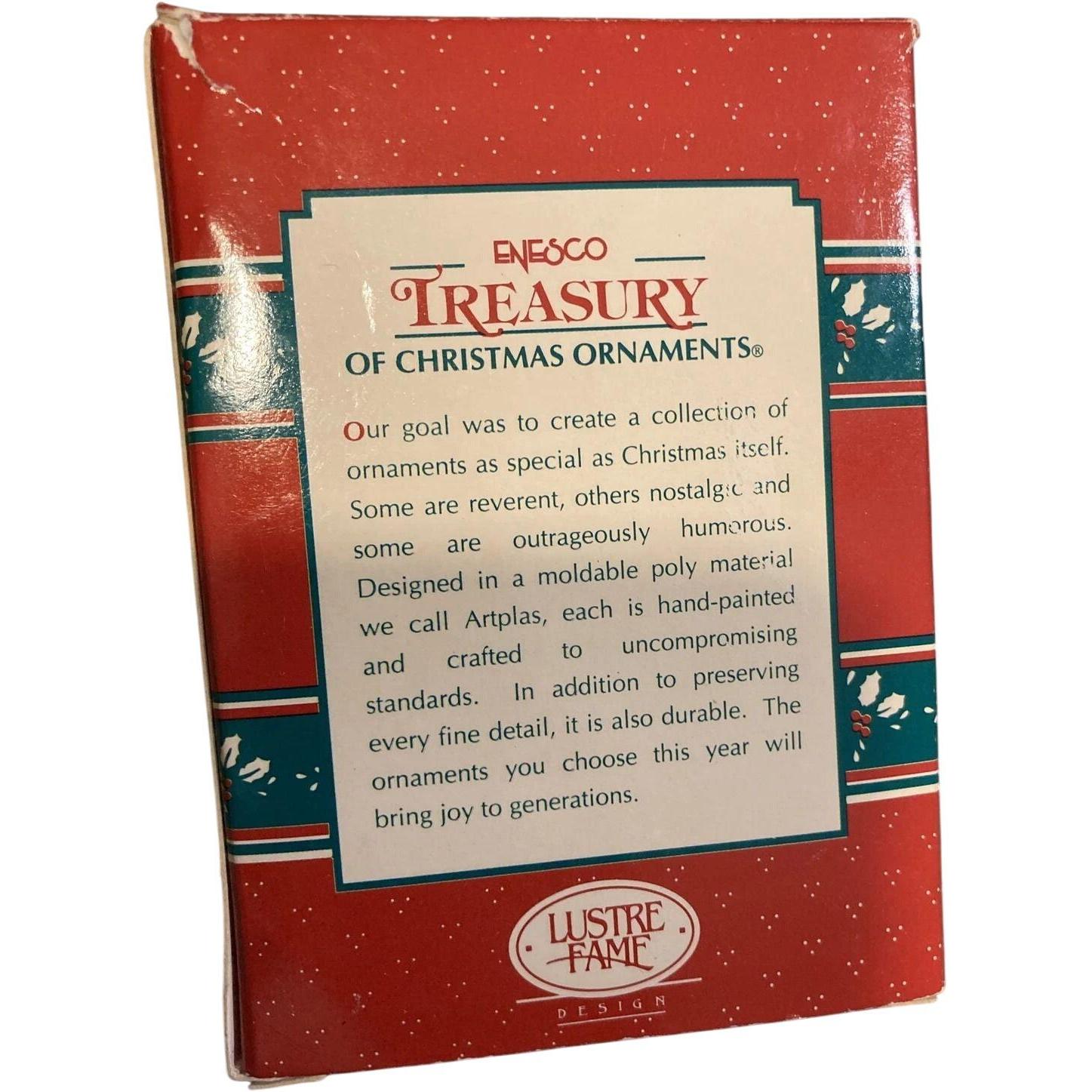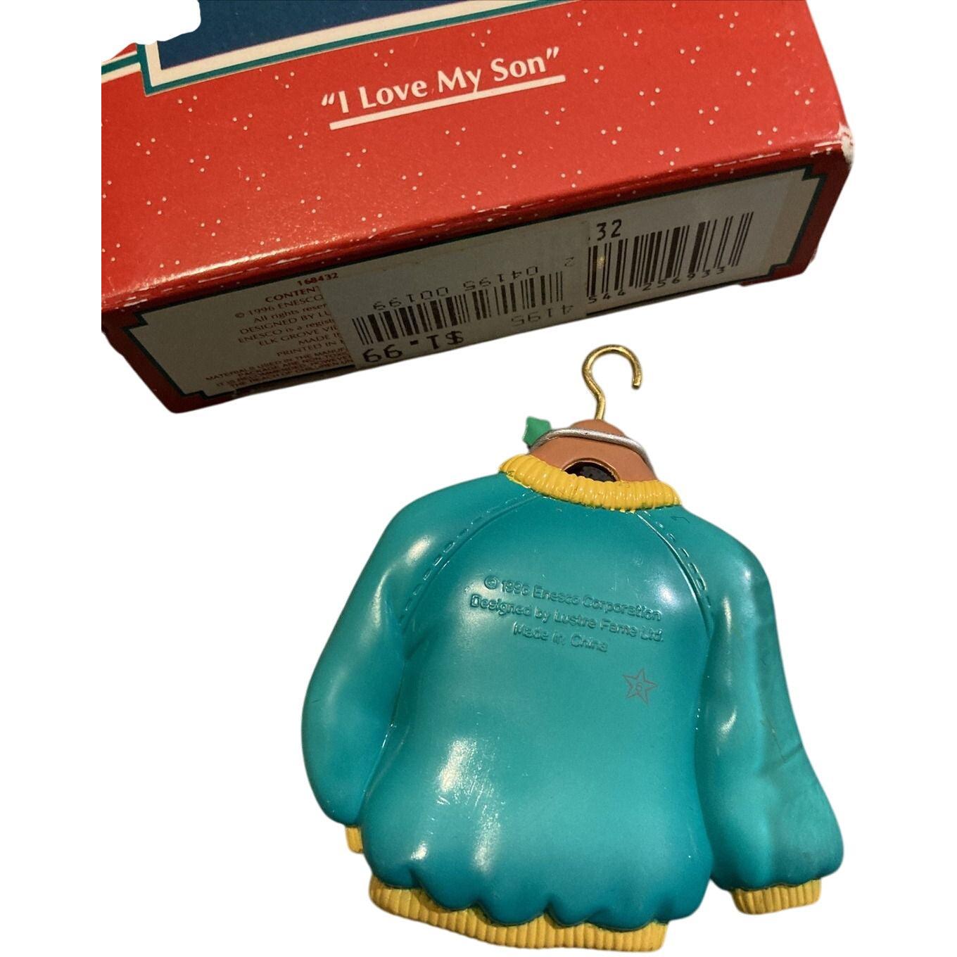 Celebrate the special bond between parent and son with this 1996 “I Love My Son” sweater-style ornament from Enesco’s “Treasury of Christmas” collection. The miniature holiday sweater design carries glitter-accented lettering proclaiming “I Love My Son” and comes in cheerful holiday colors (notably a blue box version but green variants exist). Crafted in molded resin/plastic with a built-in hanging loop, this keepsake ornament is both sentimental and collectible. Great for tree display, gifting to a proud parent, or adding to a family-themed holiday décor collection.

...

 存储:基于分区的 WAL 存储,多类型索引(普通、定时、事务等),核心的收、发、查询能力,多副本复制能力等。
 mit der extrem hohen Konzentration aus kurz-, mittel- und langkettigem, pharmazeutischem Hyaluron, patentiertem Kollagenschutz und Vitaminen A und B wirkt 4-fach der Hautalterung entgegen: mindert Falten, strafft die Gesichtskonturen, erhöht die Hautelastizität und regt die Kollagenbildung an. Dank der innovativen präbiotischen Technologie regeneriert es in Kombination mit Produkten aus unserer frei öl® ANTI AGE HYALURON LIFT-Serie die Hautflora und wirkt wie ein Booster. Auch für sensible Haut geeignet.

**What you should do**
The required answer is the exact run of lines above starting at the line with "存储:基于分区的 WAL 存储,多类型索引(普通、定时、事务等),核心的收、发、查询能力,多副本复制能力等。" and ending at the line with "mit der extrem", with both ends present.

**Task result**
 存储:基于分区的 WAL 存储,多类型索引(普通、定时、事务等),核心的收、发、查询能力,多副本复制能力等。
 mit der extrem hohen Konzentration aus kurz-, mittel- und langkettigem, pharmazeutischem Hyaluron, patentiertem Kollagenschutz und Vitaminen A und B wirkt 4-fach der Hautalterung entgegen: mindert Falten, strafft die Gesichtskonturen, erhöht die Hautelastizität und regt die Kollagenbildung an. Dank der innovativen präbiotischen Technologie regeneriert es in Kombination mit Produkten aus unserer frei öl® ANTI AGE HYALURON LIFT-Serie die Hautflora und wirkt wie ein Booster. Auch für sensible Haut geeignet.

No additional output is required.